The methodological foundation of the study is the doctrine of positive obligations of the state and the «respect–protect–fulfil» framework, which allows the wartime context to be understood as a situation where mere non-interference is insufficient and where proactive regulatory, organizational, and procedural measures for vulnerable groups are essential. It is substantiated that, in wartime, positive obligations operate as a legal standard of due state conduct that transforms formal guarantees into real opportunities for access to assistance, rehabilitation, and social reintegration.
The article analyzes the international legal framework of reparations through the prism of general principles of state responsibility for internationally wrongful acts and universal standards of the right to an effective remedy and reparation. It outlines the logic of the emerging compensation architecture in which documentation and registration of damage constitute an evidentiary basis for future adjudication of claims, and it identifies practical barriers to the realization of the right to compensation. The study shows that national compensation mechanisms remain fragmented and do not fully cover the range of pecuniary and non-pecuniary losses related to loss of income, health damage, long-term rehabilitation, and the psychosocial consequences of war.
The paper proposes directions for improvement: harmonizing approaches to the recording and assessment of damage, simplifying evidentiary standards for typical wartime scenarios, aligning registers and procedures, and strengthening the institutional capacity of legal aid.
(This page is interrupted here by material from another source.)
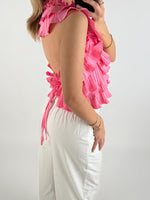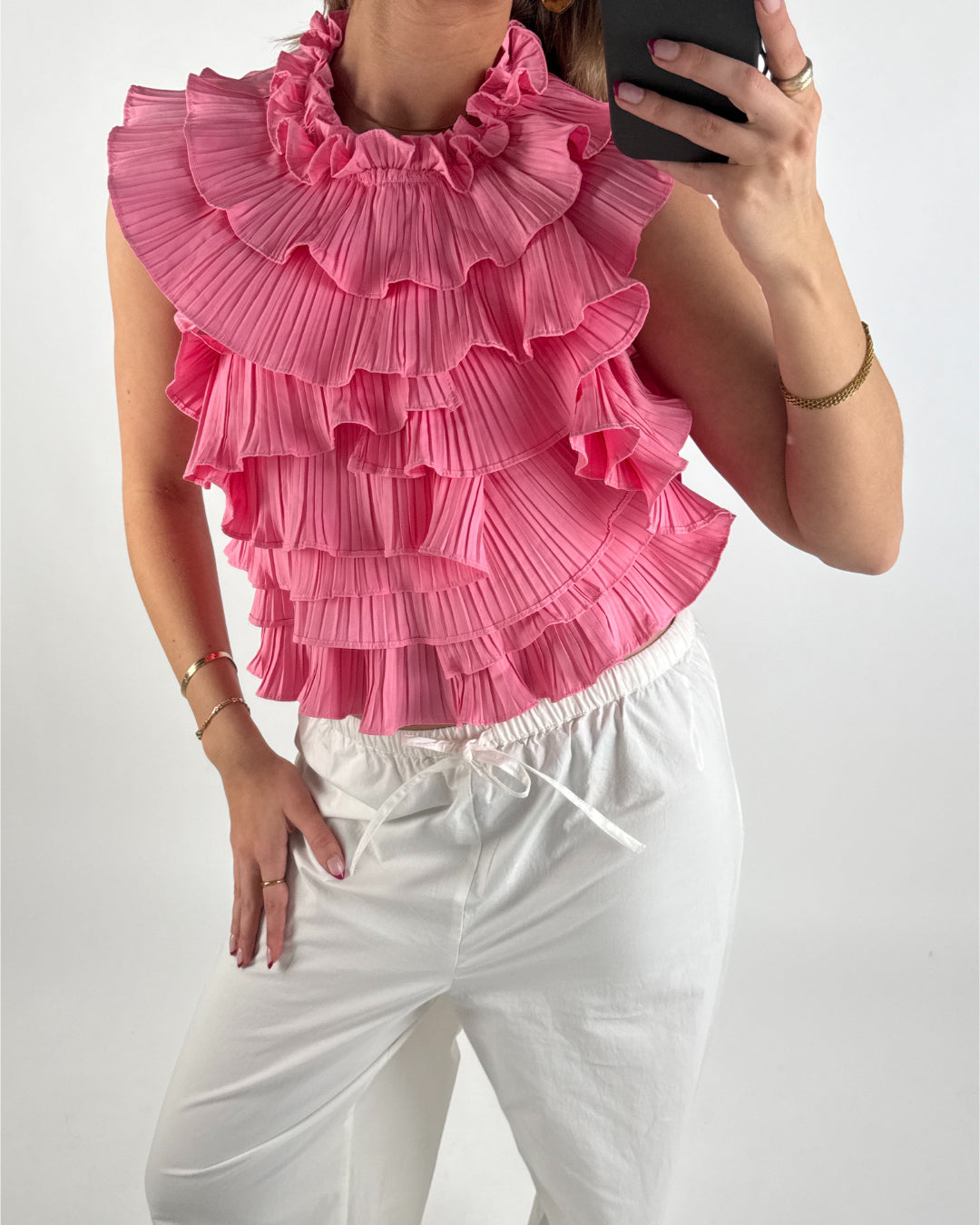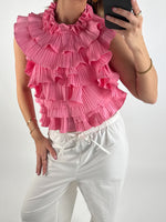 Denne iøjnefaldende RHINA flæse top, lyserød er et perfekt valg til dig, der ønsker at tilføje et feminint og eksklusivt touch til garderoben. Toppen er designet med adskillige lag fine, plisserede flæser, som skaber et voluminøst og festligt udtryk. Den har en smuk høj hals, der lukkes med en lille knap i nakken for et elegant og raffineret finish. Ryggen er åben og lukkes med fine snører over lænden, hvilket både sikrer en flot pasform og tilføjer et sensuelt og moderne look.

It argues that synchronizing the state’s positive obligations with national and international compensation instruments is a prerequisite for the genuine restoration of social rights and the advancement of social justice during war.
Keywords: martial law; European Court of Human Rights; armed aggression; compensation for damage; international responsibility of the state; international human rights protection; positive obligations of the state; reparations; social protection; social rights.